UNITED NATIONS, (Reuters) – Palestinian President Mahmoud Abbas asked the United Nations today to recognize a state for his people, but Israeli Prime Minister Benjamin Netanyahu said only direct negotiations could deliver peace.
Abbas handed U.N. Secretary-General Ban Ki-moon a letter requesting full U.N. membership, which the Security Council will consider on Monday. The United States has vowed to use its veto if it comes to a vote.
“I do not believe that anyone with a shred of conscience can reject our application for a full membership in the United Nations and our admission as an independent state,” Abbas told the U.N. General Assembly, which gave him a standing ovation.
Trying to head off a clash in the Security Council, a quartet of Middle East mediators urged a return to peace talks within four weeks, “substantial progress” within six months and an agreement to be struck within a year.
The Quartet — the United States, Russia, the European Union and the United Nations — asked Israel and the Palestinians to submit proposals on territory and security within three months.
Previous proposed timetables for negotiations, such as a one-year deadline set by former U.S. President George W. Bush in 2007 and one by Obama a year ago, have run into the sand.
Abbas’ statehood ploy exposes waning U.S. influence in a region shaken by Arab revolts and shifting alliances that have pushed Israel, still militarily strong, deeper into isolation.
In their speeches, Abbas and Netanyahu both said they extended their hands to the other party, but each blamed their opponents for the failure of past peace efforts.
“We cannot achieve peace through U.N. resolutions,” Netanyahu said, demanding that the Palestinians recognize Israel as the Jewish state, something they reject because they say that would prejudice the rights of Palestinian refugees.

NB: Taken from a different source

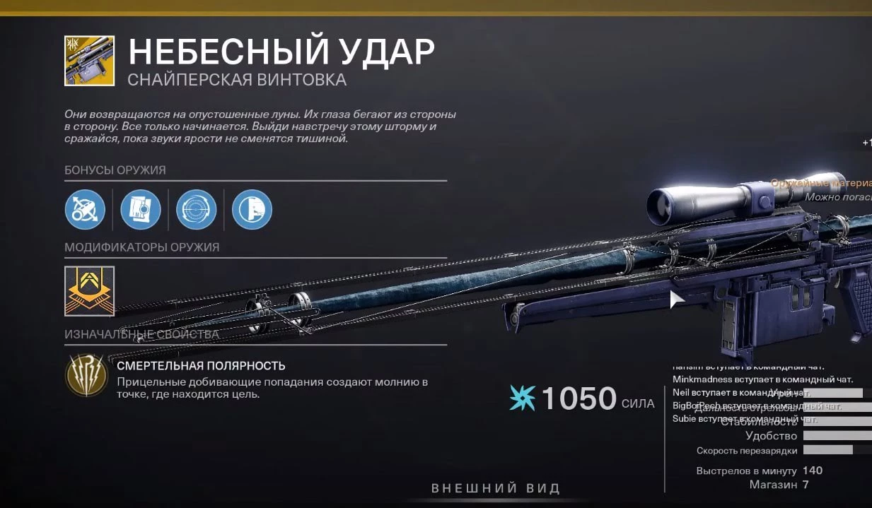 Вам нужно дождаться конца миссии, прежде чем вы узнаете, упала ли вам винтовка. Когда мы получили Небесный удар, оставалось всего около 6 секунд до того, как нас отправили обратно. Поэтому не стоит переживать, если вы сразу же не получили оружие.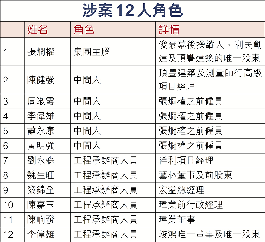 5名被告分別為張烱權(42歲)、周淑霞(43歲)及3名中間人黃湘豫(64歲)、鄭國歡(53歲)及江寶材(70歲),共被控8項罪名,即7項向代理人提供利益罪名,違反《防止賄賂條例》第9(2)(a)條,以及一項串謀向代理人提供利益,違反《防止賄賂條例》第9(2)(a)條及《刑事罪行條例》第159A條。涉案3個屋苑,分別為柴灣茵翠苑、堅尼地城海都樓及葵涌怡勝花園,它們在案發時正展開大維修工程。

Netanyahu offered to meet Abbas immediately in New York, minutes after Abbas said settlement activity must cease first.
LOSS OF FAITH
Abbas’ statehood request reflects a loss of faith after 20 years of failed peace talks sponsored by the United States, Israel’s main ally, and alarm at relentless Israeli settlement expansion eating into occupied land Palestinians want for a state.
“This (settlement) policy will destroy the chances of achieving a two-state solution and … threatens to undermine the structure of the Palestinian National Authority and even end its existence,” Abbas declared.
It was the first time he has spoken so starkly of the PA’s possible demise, highlighting the predicament faced by a body set up as a state-in-waiting but now seen by its critics as little more than a big municipality, managing the civilian affairs of the main Palestinian cities under Israeli occupation.
Dissolution of the PA would throw responsibility for ruling all of the West Bank back to Israel as the occupying power.
Israeli and U.S. politicians have threatened financial reprisals that could cripple the PA, the source of 150,000 jobs.
Israeli delegates stayed in the hall during Abbas’ speech, which was punctuated by applause, especially when he recalled his predecessor Yasser Arafat’s 1974 admonition to the United Nations: “Do not let the olive branch fall from my hand.”